Apesar de saberem dos riscos, passageiros dizem que não abrem mão do serviço Em condições precárias, sem segurança e pagando uma tarifa menor. É assim que dezenas de trabalhadores seguem diariamente a viagem de casa para o trabalho, e vice-versa, num transporte coletivo irregular chamado por eles de ônibus “pirata”.
É a insatisfação com o sistema de transporte coletivo regular que tem levado estes trabalhadores a optarem por esta viagem perigosa. A pontualidade, itinerário que atende às necessidades desses passageiros e uma tarifa de R$ 2,50 são as “vantagens” apontadas por usuários para se arriscarem em uma viagem clandestina pelas ruas da cidade.
A diarista Conceição* mora na comunidade João Paulo, no Jorge Teixeira, Zona Leste de Manaus, e há oito meses segue de casa para o trabalho, na avenida do Cetur, bairro Tarumã, Zona Oeste, num ônibus “pirata”. Embora saiba do perigo, Conceição diz que foi a única solução para conseguir chegar ao trabalho em até uma hora.

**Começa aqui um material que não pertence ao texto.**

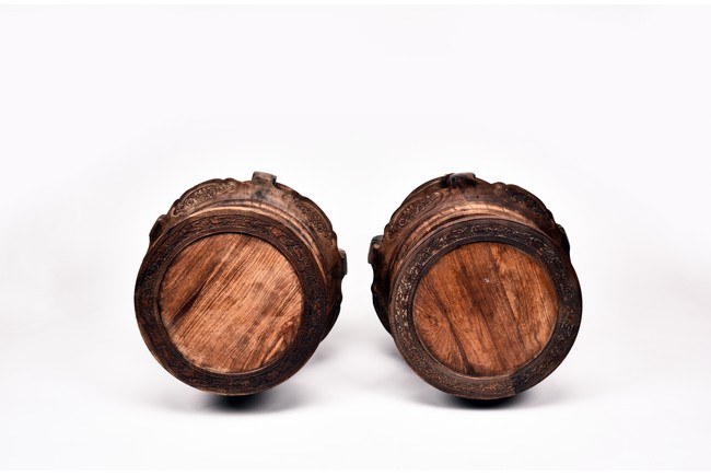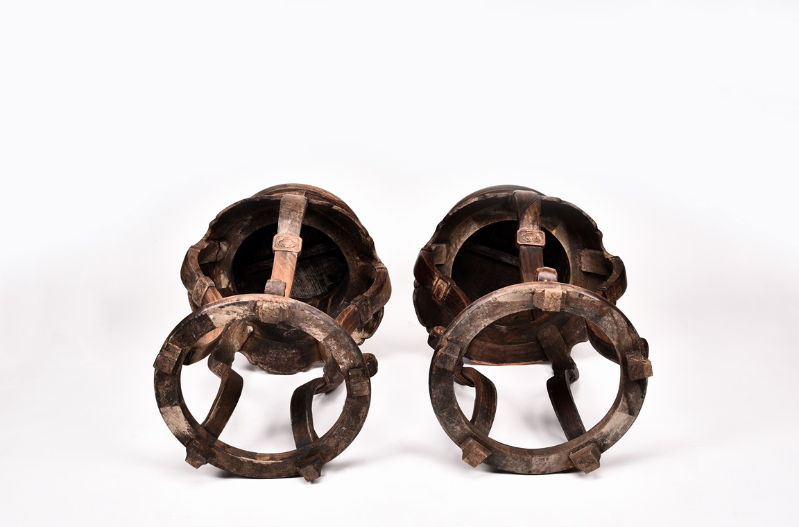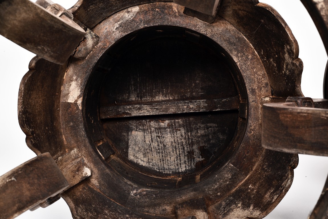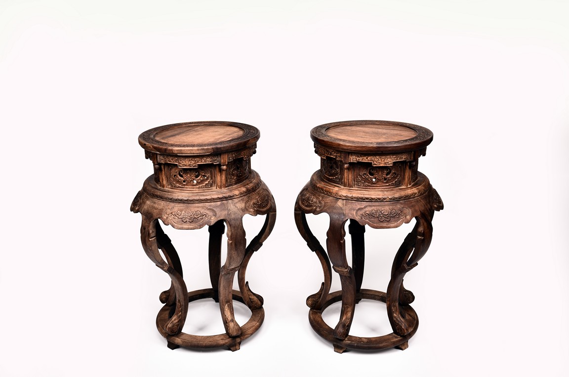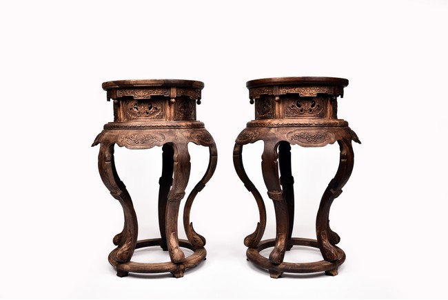 The circular top panel is set above a recessed waist reticulated with lotus flower enclosed by a band of key-fret border, the curved apron carved with floral scrolls within a shaped cartouches, supported on four cabriole legs terminating in upturned scrolling legs, set on a circular base. Qing Dynasty period.
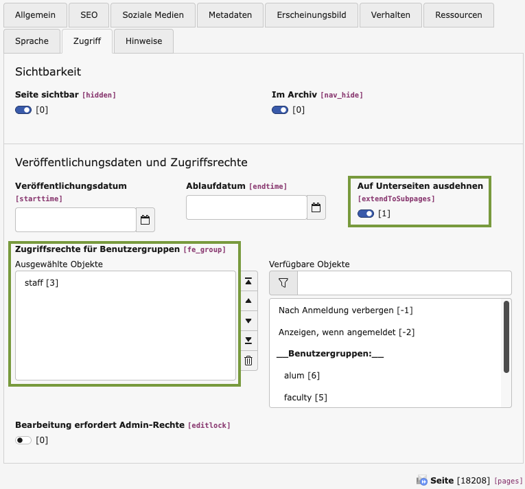 TCEMAIN.clearCacheCmd = 5514 - Geschützter Newsletter: Falls es sich um einen internen (zugriffsgeschützen) Newsletter handelt, muss die Seite kurzfristig auf eine normale Seite geändert werden, damit die entsprechende Benutzergruppe ausgewählt werden kann. Option „Extend to Subpages“ aktivieren, damit die Berechtigung auch für alle Unterseiten gilt.
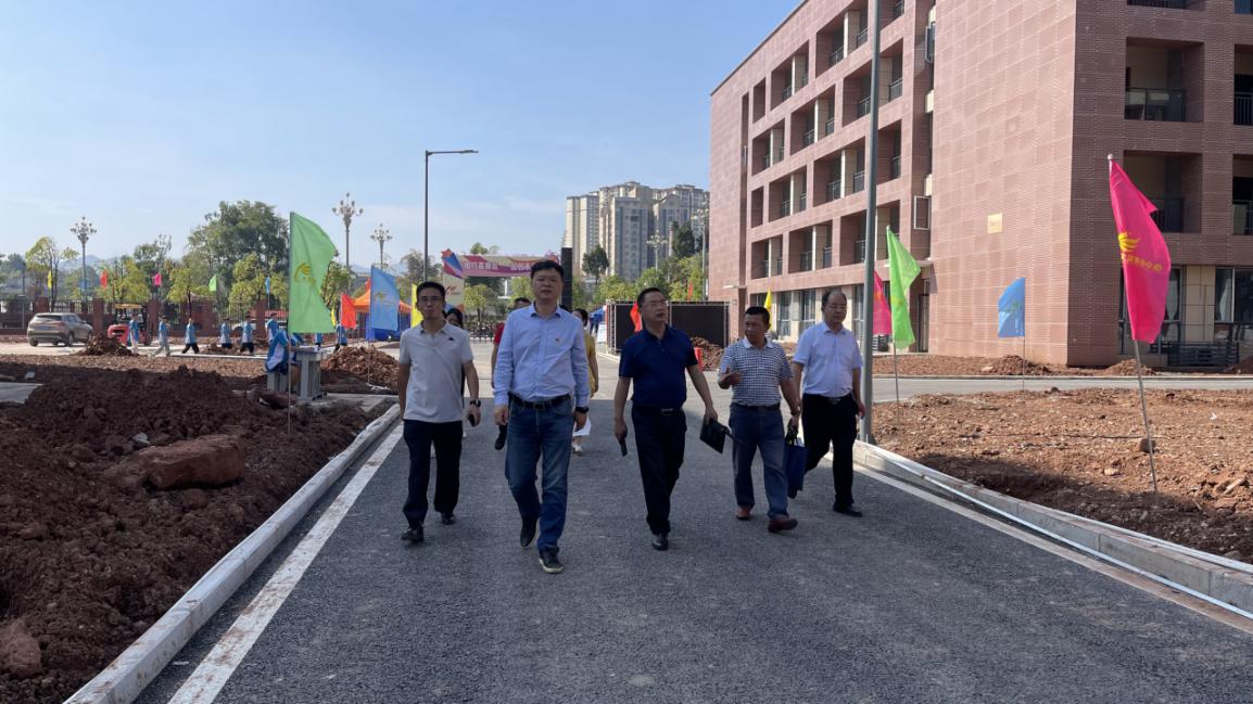 2022年9月5日,大足区教委副主任唐帮勇和区教委职成科科长邓国安一行到职教中心高新区分校检查开学工作。
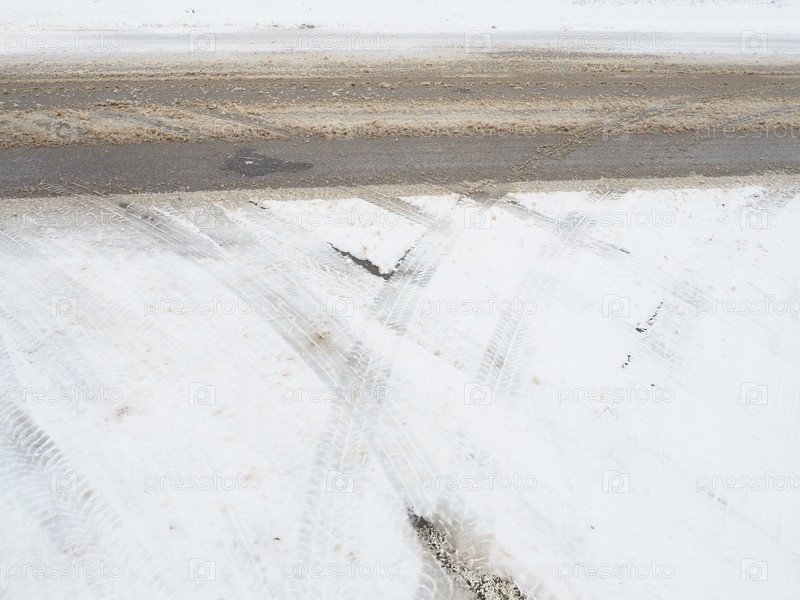 Сугробы на обочине дороги. Плохая погода и пробки. Снег на асфальте. Сложные условия вождения. Зимняя слякоть на дороге. Тормозной путь автомобиля
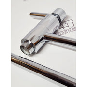 Double lever handles control the flow and temperature of water

“Eu sinto medo, sei que é um transporte proibido, mas é o único que faz o trajeto da minha casa até o trabalho sem eu precisar parar em dois terminais e encarar horas e mais horas de viagem”, conta.
Na tarde da última quinta-feira, 19, a equipe de A CRÍTICA flagrou um ônibus pirata e acompanhou como o motorista não se sente inibido em transportar passageiros na clandestinidade. É com usuários na escada da porta do ônibus, que vai aberta, que o motorista segue pela avenida do Turismo e é abordado por trabalhadores daquela área.
Com o itinerário que segue pelas zonas Norte e Leste, por bairros como Cidade Nova , Cidade de Deus e Jorge Teixeira, o embarque de passageiros é feito apenas na avenida do Turismo. A cada parada, até seis trabalhadores embarcam no transporte coletivo clandestino.
Pontualidade
É a partir da estrada da Cidade Nova que, aos poucos, os passageiros começam a desembarcar.
“Pra voltar para casa num ônibus de linha comum precisaria parar no terminal 3 (Cidade Nova), esperar outro ônibus para seguir até o terminal 1 (Centro) e, finalmente, pegar outro para a comunidade João Paulo. Levaria pelo menos umas três horas para voltar do trabalho”, reclama Conceição.
A pontualidade é a característica que atrai muitos usuários para esse tipo de transporte. “Sabemos que ele irá passar pontualmente. E quando o motorista vai atrasar ele avisa para alguém daqui do ponto”, acrescenta a diarista.
Durante o flagrante, a equipe de reportagem observou muitos trabalhadores correndo para embarcar no ônibus “pirata”. Durante o percurso do transporte clandestino acompanhado pela equipe de reportagem, não foi vista nenhuma fiscalização pelo caminho.
“Nunca soube de algum ônibus desse tipo que tenha sido apreendido. Mas se isso ocorrer, muita gente que o utiliza enfrentará uma longa viagem para chegar em casa e ir para o trabalho optando pelo ônibus comum”, lamentou Conceição.
A reportagem entrou em contato com a assessoria de comunicação da Superintendência Municipal de Transportes Urbanos (SMTU) em busca de informações sobre a falta de linhas regulares para a área do Tarumã, mas até o fechamento desta edição não obteve resposta.
Necessidade
Para o doutor em Planejamento de Transporte e professor do Departamento de Geografia da Universidade Federal do Amazonas (Ufam), Geraldo Alves, a qualidade no serviço de transporte coletivo regular - isto é, dos ônibus de linhas -, direciona a migração ou não dos passageiros para o ônibus clandestino.
“É uma relação de custo e benefício. O ônibus de linha demora a passar, os itinerários são dispersos, o usuário precisa fazer a integração nos terminais, enfrenta filas enormes nesses terminais, passa muito tempo dentro do ônibus. Estas situações apontam para um serviço de baixa qualidade que favorece essa ‘concorrência’, que cobra um valor mais baixo”, diz o especialista.
Luiz Eduardo Leal, um dos idealizadores do site TransitoManaus, que oferece o serviço de mapas com todos os itinerários das linhas de ônibus, explica que reclamações sobre o horário dos itinerários e a falta de linhas em algumas áreas da cidade são frequentes pelos usuários que contribuem com informações para a ferramenta.
“Manaus tem uma demanda muito grande de usuários de transporte público mas ainda não consegue atender a necessidade de muitos”, explica.